The implications run through the entire annotation workflow: platform selection, annotator credentialing, QA protocols, adjudication sign-off, version control, and data retention. Teams that start building these records after the annotation project is complete — when FDA review is approaching — almost always end up with incomplete provenance that fails the inspection standard. The correct approach is to instrument the annotation workflow for Part 11 compliance before the first label is created.

Why Part 11 Applies to Annotation Data — and Where Teams Get Confused

The confusion arises from a category error: teams treat Part 11 as a software validation standard (it is partly that) and miss its record integrity dimension. The rule has two operative parts. Subpart B sets technical requirements for electronic records: audit trails, system access controls, operational system checks, and authority checks. Subpart C sets standards for electronic signatures: unique identifying components, the link between signature and record, and user authentication protocols.

For annotation workflows, the records in scope are the annotated dataset itself plus all records that document how that dataset was produced. This includes: per-annotation event logs showing who created or modified each label and when; quality review records showing which annotations were reviewed, by whom, and with what outcome; adjudication records where multiple annotators disagreed; annotator credential and training records; gold standard validation results; and the annotation guidelines version that was in force at each stage of the project.
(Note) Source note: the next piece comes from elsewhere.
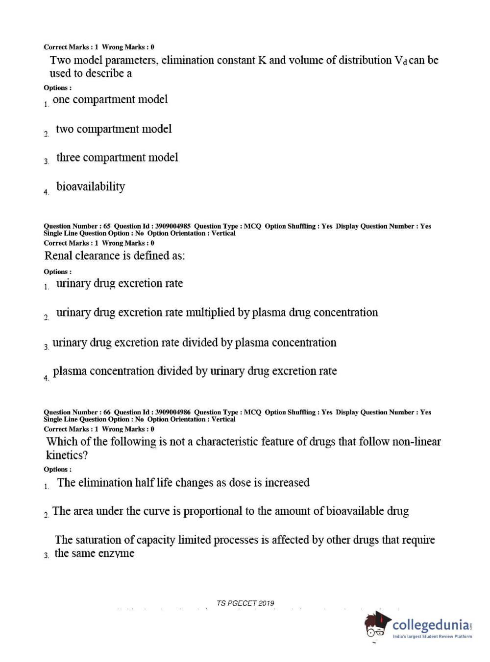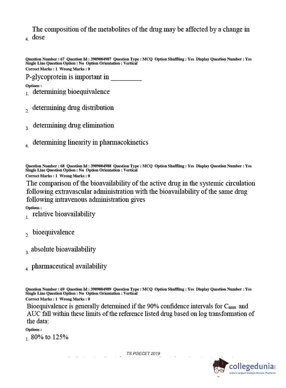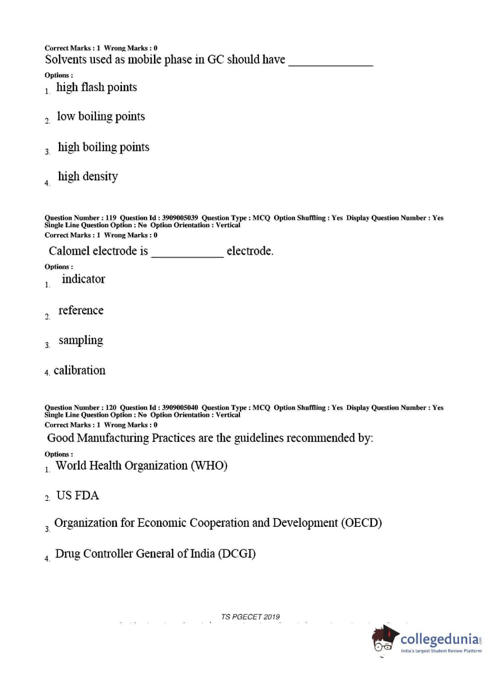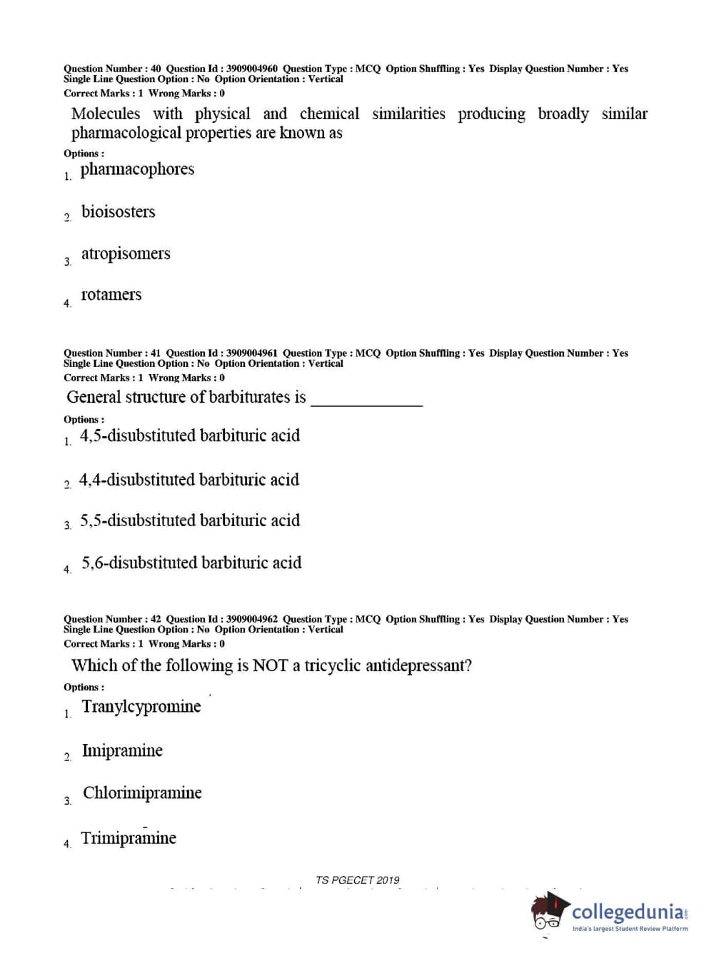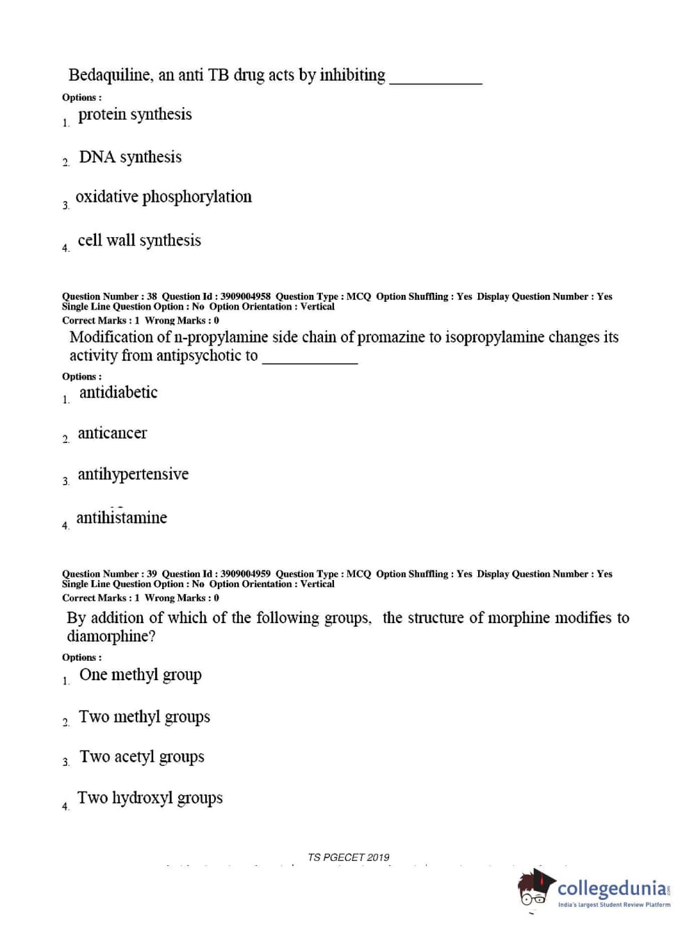 TS PGECET 2019 Pharmacy Question paper with answer key pdf conducted on May 29, 2019 from is available for download. The exam was successfully organized by Osmania University. The question paper comprised a total of 120 questions.

The reason teams are surprised is that annotation platforms are not usually sold as regulated systems. Labelbox, Scale AI's platform, and AWS GroundTruth were designed for commercial ML workflows. They generate logs, but those logs are not structured as Part 11-compliant electronic records unless the implementation is specifically engineered for that purpose. Clinical expert annotation programmes designed for regulatory submission require a fundamentally different platform and workflow architecture than research-grade labelling runs.

The Five Core Requirements — Applied to Annotation

Part 11's technical requirements reduce to five functional categories. Here is what each one means in an annotation context.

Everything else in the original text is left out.